4 Risks, Issues, Support Considerations
As the previous section illustrates, it is technically possible to integrate third-party MFA providers with Centrify Server Suite without relying on Centrify Identity Service. However, the approach may not always be feasible depending on your situation. There are some important considerations before pursuing this option.
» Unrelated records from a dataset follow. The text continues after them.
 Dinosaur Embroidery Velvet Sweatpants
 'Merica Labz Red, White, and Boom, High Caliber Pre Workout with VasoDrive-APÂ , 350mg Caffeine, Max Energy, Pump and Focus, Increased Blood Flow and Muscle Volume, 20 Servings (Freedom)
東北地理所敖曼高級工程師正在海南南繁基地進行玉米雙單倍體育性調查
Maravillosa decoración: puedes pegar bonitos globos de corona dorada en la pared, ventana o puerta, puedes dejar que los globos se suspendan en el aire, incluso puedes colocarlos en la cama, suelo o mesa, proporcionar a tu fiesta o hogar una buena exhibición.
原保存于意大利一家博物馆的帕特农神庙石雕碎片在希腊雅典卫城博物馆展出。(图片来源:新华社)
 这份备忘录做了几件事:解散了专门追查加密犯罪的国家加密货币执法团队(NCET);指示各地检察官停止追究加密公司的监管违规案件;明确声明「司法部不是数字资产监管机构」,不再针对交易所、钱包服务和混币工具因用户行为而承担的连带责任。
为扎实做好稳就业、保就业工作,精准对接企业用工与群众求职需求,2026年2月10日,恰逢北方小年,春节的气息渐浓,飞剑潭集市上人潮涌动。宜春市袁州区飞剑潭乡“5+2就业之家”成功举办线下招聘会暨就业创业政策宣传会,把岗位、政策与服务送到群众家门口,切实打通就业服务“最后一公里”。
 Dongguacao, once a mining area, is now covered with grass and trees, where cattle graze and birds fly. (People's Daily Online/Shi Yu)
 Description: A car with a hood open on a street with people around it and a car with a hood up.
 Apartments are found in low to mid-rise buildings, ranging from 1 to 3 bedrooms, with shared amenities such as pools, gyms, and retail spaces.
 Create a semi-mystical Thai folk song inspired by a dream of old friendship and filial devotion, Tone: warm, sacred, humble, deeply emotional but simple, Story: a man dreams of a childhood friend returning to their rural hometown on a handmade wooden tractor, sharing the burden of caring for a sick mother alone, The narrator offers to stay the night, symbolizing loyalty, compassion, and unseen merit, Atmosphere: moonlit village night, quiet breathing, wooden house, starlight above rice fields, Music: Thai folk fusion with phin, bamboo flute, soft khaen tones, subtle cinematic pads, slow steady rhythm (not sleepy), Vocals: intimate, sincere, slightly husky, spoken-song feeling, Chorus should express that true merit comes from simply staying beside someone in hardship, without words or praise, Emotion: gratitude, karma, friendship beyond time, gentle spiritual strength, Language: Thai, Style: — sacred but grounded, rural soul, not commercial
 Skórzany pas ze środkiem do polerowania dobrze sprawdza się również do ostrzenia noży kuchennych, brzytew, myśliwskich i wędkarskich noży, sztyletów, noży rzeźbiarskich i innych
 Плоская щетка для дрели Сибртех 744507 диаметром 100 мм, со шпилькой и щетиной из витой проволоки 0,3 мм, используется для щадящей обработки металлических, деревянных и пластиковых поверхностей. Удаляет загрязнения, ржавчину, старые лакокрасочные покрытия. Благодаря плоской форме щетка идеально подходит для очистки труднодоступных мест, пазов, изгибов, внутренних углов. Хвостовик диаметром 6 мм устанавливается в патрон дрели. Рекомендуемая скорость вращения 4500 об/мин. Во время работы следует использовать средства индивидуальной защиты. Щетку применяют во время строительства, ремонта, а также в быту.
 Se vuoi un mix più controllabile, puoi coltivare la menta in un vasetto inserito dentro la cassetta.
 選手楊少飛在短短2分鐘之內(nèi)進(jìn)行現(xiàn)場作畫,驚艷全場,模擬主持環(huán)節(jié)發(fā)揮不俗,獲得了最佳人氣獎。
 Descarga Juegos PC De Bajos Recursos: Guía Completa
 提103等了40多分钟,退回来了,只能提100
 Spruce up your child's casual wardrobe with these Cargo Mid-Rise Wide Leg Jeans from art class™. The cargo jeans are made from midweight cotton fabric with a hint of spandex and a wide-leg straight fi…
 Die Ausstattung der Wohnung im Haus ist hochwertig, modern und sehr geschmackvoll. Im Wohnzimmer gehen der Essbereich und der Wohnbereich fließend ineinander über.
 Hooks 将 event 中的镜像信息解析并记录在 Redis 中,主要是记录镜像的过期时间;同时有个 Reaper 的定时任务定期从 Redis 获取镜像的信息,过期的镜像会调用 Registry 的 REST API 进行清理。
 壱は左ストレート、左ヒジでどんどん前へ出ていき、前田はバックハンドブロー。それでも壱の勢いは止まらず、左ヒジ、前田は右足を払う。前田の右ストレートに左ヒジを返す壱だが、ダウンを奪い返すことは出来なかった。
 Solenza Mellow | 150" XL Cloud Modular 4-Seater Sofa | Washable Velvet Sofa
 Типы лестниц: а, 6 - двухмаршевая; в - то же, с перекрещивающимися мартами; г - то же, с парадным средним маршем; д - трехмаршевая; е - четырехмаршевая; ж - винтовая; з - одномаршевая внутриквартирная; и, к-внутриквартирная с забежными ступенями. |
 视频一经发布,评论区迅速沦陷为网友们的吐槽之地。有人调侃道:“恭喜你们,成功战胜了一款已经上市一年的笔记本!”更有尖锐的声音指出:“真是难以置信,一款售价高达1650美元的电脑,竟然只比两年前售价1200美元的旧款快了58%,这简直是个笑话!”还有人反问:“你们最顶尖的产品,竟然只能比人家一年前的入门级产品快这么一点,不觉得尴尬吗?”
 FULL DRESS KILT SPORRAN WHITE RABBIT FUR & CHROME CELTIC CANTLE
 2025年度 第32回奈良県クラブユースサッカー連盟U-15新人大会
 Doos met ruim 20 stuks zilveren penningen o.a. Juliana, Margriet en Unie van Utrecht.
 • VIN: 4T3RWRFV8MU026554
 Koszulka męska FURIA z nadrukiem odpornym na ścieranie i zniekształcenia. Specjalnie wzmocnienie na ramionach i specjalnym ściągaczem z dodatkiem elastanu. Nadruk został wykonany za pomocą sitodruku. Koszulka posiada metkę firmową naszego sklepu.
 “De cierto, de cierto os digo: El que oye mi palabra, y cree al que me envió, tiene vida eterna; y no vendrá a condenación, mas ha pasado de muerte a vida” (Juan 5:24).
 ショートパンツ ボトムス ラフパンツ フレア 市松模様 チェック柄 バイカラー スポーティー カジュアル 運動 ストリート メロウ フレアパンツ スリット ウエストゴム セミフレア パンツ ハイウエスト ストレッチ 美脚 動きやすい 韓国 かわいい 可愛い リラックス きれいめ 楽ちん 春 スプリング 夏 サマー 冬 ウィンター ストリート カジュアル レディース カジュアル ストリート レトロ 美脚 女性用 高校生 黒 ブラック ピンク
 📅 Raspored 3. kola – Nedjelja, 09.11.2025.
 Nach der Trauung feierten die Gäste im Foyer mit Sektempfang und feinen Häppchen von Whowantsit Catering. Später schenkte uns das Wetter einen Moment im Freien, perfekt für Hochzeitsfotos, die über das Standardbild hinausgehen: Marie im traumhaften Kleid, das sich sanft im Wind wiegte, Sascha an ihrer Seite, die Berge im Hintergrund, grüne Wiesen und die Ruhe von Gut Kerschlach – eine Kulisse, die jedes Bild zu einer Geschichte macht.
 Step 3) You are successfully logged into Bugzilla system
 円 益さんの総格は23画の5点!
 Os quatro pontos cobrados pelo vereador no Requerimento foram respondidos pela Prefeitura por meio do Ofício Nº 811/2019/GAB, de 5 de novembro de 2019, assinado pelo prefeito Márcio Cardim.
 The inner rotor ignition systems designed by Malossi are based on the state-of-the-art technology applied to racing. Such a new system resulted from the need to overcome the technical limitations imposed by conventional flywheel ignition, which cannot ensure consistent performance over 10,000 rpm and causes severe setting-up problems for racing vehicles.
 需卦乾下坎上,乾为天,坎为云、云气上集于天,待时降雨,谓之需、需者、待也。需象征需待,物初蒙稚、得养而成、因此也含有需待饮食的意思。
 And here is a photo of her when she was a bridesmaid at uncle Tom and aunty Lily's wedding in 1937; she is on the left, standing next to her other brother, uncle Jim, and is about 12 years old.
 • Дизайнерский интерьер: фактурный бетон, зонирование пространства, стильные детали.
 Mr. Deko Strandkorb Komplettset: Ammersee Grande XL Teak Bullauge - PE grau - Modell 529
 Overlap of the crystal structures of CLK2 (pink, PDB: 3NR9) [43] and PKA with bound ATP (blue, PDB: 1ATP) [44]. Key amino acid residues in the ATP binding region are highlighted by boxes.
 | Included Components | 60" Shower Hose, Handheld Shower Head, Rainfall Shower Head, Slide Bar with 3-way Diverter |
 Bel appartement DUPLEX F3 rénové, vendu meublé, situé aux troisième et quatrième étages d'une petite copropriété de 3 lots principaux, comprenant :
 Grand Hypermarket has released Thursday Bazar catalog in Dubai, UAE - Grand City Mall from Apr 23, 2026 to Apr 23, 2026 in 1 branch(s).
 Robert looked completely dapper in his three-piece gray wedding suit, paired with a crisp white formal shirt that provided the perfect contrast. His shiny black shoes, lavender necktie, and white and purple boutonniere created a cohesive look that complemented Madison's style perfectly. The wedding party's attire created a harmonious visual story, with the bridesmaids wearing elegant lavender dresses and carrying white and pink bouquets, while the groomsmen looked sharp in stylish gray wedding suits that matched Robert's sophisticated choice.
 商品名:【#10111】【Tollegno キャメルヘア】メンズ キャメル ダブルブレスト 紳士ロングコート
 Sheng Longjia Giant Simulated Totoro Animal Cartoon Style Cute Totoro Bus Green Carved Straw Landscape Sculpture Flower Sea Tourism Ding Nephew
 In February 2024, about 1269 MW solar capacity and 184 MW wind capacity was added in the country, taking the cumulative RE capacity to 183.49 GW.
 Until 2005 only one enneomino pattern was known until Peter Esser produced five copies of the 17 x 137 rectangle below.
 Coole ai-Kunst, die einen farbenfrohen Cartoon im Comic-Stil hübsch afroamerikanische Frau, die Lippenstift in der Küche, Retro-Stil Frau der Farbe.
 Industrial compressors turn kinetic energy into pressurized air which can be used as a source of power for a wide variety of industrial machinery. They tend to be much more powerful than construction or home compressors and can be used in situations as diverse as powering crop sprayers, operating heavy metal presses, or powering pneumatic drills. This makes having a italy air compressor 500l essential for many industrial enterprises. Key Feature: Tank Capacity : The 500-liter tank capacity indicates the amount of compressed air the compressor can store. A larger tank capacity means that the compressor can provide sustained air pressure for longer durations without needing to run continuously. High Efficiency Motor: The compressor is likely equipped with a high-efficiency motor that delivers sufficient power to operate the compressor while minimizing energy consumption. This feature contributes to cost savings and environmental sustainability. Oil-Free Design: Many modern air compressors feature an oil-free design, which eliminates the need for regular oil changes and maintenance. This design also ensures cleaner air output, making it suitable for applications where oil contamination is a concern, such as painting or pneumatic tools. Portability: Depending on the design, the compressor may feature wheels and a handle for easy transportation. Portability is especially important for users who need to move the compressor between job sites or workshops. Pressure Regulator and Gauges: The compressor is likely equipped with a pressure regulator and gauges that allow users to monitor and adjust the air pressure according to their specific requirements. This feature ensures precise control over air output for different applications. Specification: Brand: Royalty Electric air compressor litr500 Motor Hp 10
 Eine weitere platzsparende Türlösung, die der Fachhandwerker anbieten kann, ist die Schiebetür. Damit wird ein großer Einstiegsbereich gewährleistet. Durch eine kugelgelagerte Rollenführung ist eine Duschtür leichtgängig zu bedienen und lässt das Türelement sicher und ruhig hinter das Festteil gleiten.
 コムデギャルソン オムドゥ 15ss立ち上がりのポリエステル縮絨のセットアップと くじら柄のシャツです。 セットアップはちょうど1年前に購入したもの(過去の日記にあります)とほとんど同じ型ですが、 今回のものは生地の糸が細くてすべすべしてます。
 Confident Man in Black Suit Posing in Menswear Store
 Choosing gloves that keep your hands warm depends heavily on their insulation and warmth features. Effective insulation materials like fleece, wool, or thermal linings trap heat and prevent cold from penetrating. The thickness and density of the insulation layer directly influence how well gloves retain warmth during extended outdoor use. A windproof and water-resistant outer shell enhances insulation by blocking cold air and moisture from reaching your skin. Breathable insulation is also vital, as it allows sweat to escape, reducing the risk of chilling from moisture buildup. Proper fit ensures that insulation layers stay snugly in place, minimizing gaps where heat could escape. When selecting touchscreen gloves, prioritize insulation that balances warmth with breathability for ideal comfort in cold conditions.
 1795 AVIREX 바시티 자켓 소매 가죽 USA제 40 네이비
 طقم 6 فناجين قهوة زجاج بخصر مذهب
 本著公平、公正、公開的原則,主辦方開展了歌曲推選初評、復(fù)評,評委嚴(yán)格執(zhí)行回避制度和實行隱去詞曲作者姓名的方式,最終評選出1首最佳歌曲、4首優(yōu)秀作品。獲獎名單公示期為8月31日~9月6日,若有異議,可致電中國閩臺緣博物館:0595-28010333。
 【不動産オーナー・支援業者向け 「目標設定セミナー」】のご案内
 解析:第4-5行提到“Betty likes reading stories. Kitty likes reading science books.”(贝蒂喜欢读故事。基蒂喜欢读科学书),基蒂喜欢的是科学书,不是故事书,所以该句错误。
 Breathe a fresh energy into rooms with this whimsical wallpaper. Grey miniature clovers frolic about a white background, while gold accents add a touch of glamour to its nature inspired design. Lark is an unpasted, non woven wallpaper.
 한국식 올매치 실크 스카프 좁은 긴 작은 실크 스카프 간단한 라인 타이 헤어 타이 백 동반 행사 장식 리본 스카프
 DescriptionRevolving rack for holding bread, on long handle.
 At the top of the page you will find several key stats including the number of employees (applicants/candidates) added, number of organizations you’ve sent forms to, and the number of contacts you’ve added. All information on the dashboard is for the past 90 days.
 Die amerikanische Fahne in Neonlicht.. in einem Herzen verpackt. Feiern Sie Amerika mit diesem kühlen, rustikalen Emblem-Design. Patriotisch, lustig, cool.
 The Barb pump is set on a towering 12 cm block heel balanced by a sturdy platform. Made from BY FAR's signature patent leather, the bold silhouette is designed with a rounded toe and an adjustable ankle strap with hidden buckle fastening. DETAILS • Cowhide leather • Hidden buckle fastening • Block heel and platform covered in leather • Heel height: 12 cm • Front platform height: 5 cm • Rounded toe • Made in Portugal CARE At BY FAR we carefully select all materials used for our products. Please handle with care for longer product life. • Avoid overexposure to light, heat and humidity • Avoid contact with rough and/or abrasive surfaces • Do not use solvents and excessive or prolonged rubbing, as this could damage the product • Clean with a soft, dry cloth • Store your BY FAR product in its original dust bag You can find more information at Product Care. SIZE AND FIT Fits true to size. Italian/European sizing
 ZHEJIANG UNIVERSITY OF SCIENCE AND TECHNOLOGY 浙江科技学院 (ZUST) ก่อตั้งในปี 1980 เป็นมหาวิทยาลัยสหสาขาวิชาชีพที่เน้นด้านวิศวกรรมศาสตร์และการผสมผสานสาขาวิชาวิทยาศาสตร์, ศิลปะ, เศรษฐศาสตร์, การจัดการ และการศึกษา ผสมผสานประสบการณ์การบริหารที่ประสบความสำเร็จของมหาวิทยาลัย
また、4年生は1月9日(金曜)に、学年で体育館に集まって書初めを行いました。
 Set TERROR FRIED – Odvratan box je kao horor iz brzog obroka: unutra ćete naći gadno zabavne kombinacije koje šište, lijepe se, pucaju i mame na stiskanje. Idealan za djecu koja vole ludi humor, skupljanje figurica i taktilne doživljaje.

The “MFA PAM Library Symlink " integration approach between Centrify Server Suite and PingID MFA described in this article may not work consistently across operating systems. The supportability question goes beyond aligning OS versions supported by Centrify Server Suite and PingID MFA.
For example, recently one customer tested the “MFA PAM Library Symlink” approach on RHEL (version 6 & 7) and AIX (version 6 and 7). The customer successfully configured PingID MFA with Centrify Server Suite on RHEL 6 without issues reported thus far.
However, for the other OS versions mentioned above, the “MFA PAM Library Symlink” approach failed. For example, on AIX shared libraries are proving problematic. On RHEL 7, the customer observed segmentation faults during the MFA authentication challenge. In this situation, the customer and both vendors all need to work together to “untangle” the issue. At the time this article was posted, a solution hasn’t been found yet for this specific problem on RHEL 7. I’ll update the article after a solution is found.
Section 3 shows that it is possible to directly integrate a third-party MFA PAM module on the same UNIX host the CSS agent (e.g. MFA PAM Library Symlink integration). By contrast, section 4 illustrates some important supportability concerns with the MFA PAM Library Symlink integration. With that in mind, the recommended approach for enabling CSS for UNIX with a third-party MFA provider is to: 1) integrate the third-party MFA (either OATH or RADIUS) within Centrify Identity Service; and 2) simply configure CSS MFA policies through Access Manager. So whenever a CSS policy requires an MFA challenge, CSS calls Centrify Identity Service wherein the third-party MFA is engaged.
The Centrify Identity Service based approach offers some important benefits:
- The third-party MFA integration point for this use case is configured centrally in one place – Centrify Identity Service;
- Integrating the third-party MFA with Centrify Identity Service insulates the third-party MFA from the various idiosyncrasies that exist between OS vendors and even OS versions from the same vendor; and
- By placing the third-party MFA integration point in Centrify Identity Service, the onus for the OS level authentication software falls onto one vendor – Centrify. To that point, no one comes close to Centrify’s R&D team when it comes to: 1) their knowledge of UNIX authentication; and 2) their proven capacity and commitment to delivering security solutions across numerous UNIX flavors.